> _Records for processing_
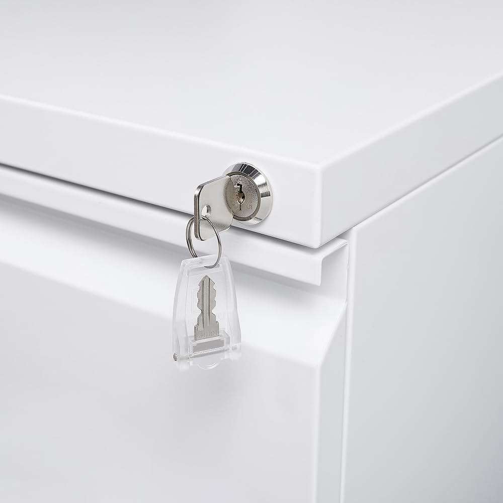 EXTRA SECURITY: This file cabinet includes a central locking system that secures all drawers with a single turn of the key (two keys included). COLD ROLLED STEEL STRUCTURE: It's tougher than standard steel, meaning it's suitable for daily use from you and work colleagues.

--

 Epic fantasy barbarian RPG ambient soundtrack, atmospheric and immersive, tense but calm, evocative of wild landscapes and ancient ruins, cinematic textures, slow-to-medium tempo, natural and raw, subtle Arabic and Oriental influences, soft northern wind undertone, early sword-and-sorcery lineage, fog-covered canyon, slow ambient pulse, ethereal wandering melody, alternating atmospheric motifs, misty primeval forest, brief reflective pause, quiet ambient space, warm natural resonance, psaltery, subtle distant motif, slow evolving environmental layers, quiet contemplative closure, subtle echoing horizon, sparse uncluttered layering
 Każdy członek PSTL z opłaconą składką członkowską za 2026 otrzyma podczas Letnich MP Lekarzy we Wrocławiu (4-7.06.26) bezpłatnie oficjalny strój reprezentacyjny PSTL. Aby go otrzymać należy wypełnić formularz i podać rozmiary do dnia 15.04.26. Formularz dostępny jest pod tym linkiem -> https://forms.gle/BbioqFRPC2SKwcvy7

> _What is expected_
Give back exactly the lines of the listing above that run from the line with "Epic fantasy barbarian" to the line with "Każdy członek PSTL", inclusive.

> _Exercise solution_
 Epic fantasy barbarian RPG ambient soundtrack, atmospheric and immersive, tense but calm, evocative of wild landscapes and ancient ruins, cinematic textures, slow-to-medium tempo, natural and raw, subtle Arabic and Oriental influences, soft northern wind undertone, early sword-and-sorcery lineage, fog-covered canyon, slow ambient pulse, ethereal wandering melody, alternating atmospheric motifs, misty primeval forest, brief reflective pause, quiet ambient space, warm natural resonance, psaltery, subtle distant motif, slow evolving environmental layers, quiet contemplative closure, subtle echoing horizon, sparse uncluttered layering
 Każdy członek PSTL z opłaconą składką członkowską za 2026 otrzyma podczas Letnich MP Lekarzy we Wrocławiu (4-7.06.26) bezpłatnie oficjalny strój reprezentacyjny PSTL. Aby go otrzymać należy wypełnić formularz i podać rozmiary do dnia 15.04.26. Formularz dostępny jest pod tym linkiem -> https://forms.gle/BbioqFRPC2SKwcvy7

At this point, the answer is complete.